Repeat the listing exactly. Any picture in it should be left out of the copy.

INFORMATION SHOWN below:

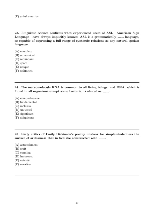 - Verbal Reasoning (Two Sections, with 12 questions and 15 questions respectively)
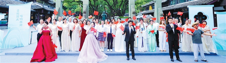 昨天下午,作为西湖风景名胜区党群服务中心“党群服务+文化传承”的创新实践,一场以“盛世华音·喜迎国庆·唱响西湖”为主题的音乐快闪活动在西湖岳湖广场上演。开场节目《湖鼓韵影》以气势如虹的鼓点拉开帷幕,浙江音乐学院音乐教育学院师生深情献上《灯火里的中国》……活动结尾的《我和我的祖国》引发现场观众大合唱。
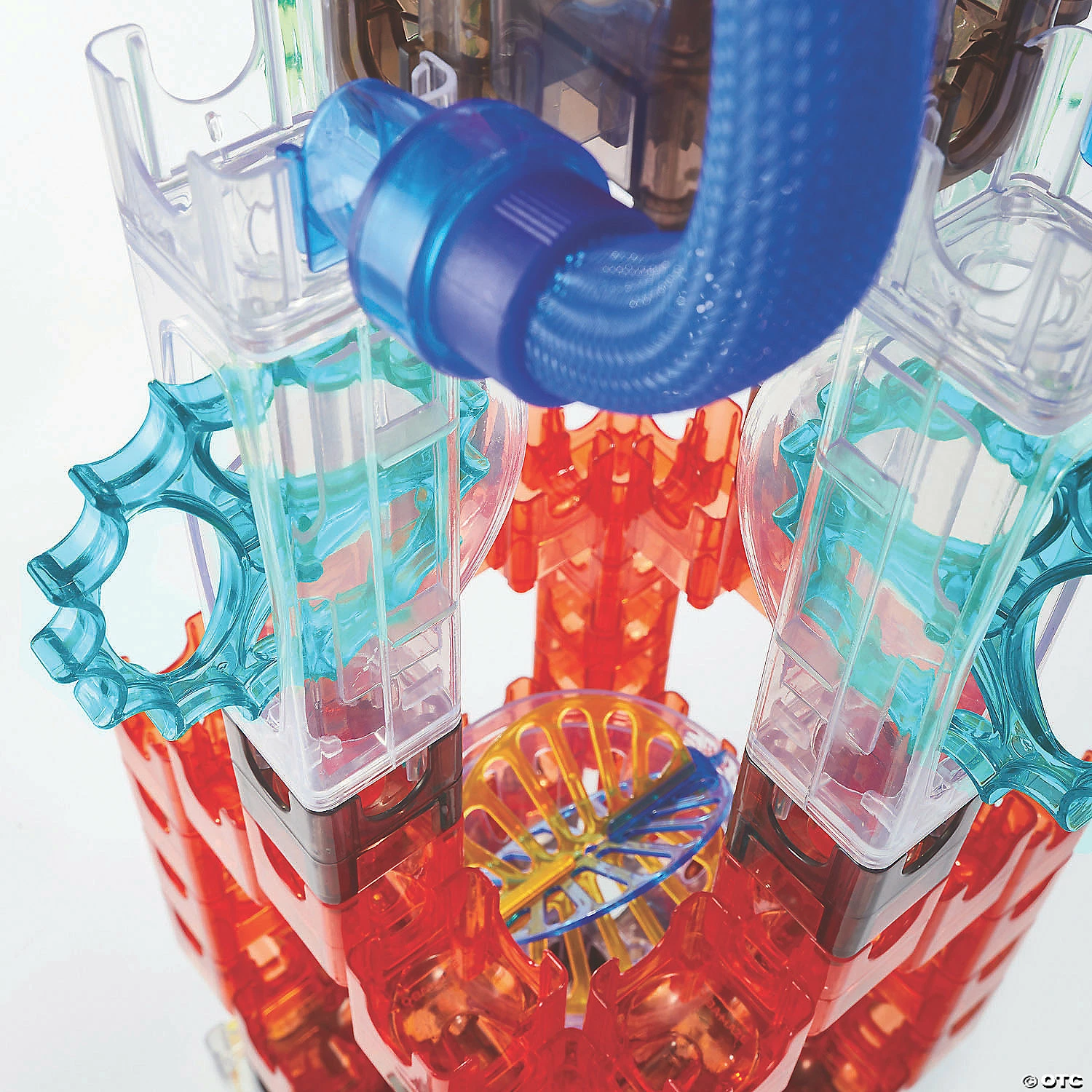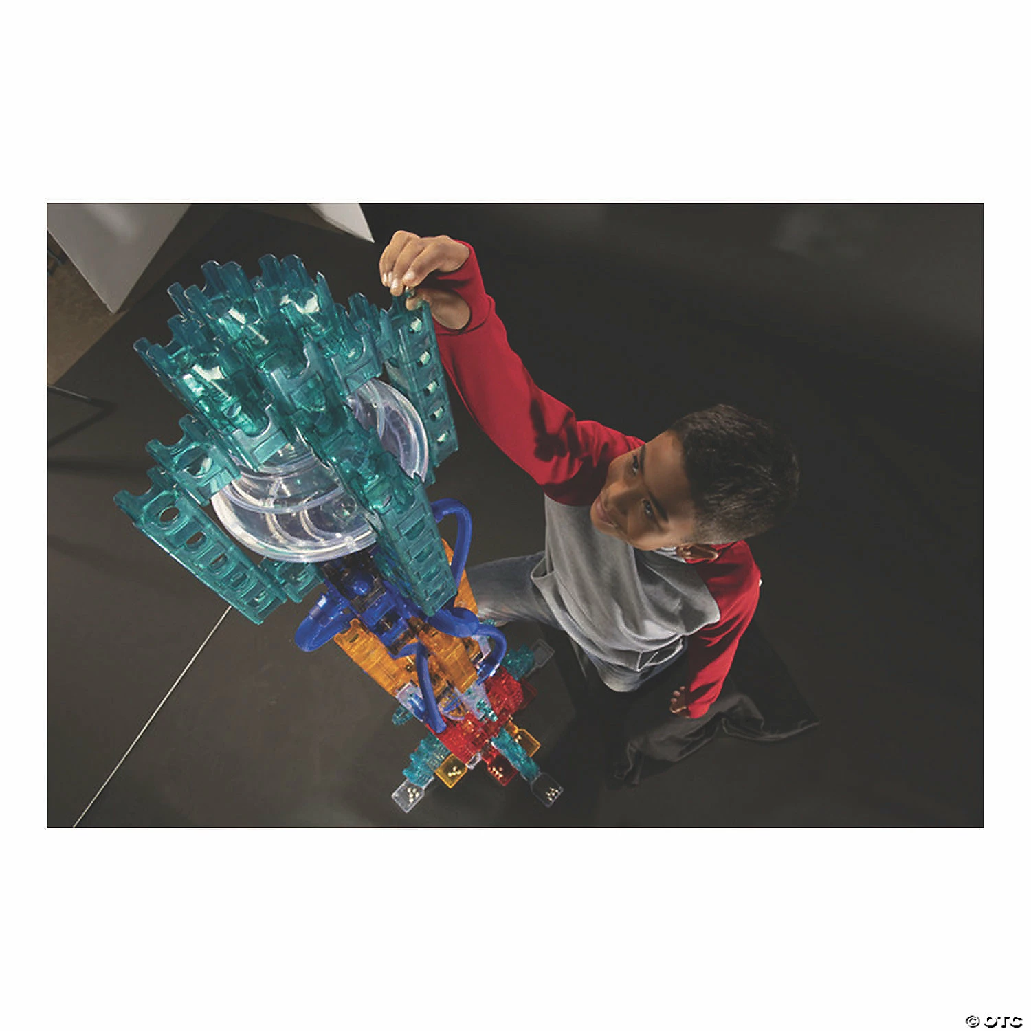 The Q-BA-MAZE Rocket Set of cosmic proportions with over 330 a-MAZE-ingly fun pieces: 4 light-up cubes, 4 speed sprockets, 4 coaster tubes, 4 cascade stilts, 1 roto catcher, 1 marble vortex, 1 spiral sphere, 16 marble catchers, and 262 colorful cubes.

End of INFORMATION SHOWN.

■ SOLUTION FOR THIS EXERCISE ■
 - Verbal Reasoning (Two Sections, with 12 questions and 15 questions respectively)
 昨天下午,作为西湖风景名胜区党群服务中心“党群服务+文化传承”的创新实践,一场以“盛世华音·喜迎国庆·唱响西湖”为主题的音乐快闪活动在西湖岳湖广场上演。开场节目《湖鼓韵影》以气势如虹的鼓点拉开帷幕,浙江音乐学院音乐教育学院师生深情献上《灯火里的中国》……活动结尾的《我和我的祖国》引发现场观众大合唱。
 The Q-BA-MAZE Rocket Set of cosmic proportions with over 330 a-MAZE-ingly fun pieces: 4 light-up cubes, 4 speed sprockets, 4 coaster tubes, 4 cascade stilts, 1 roto catcher, 1 marble vortex, 1 spiral sphere, 16 marble catchers, and 262 colorful cubes.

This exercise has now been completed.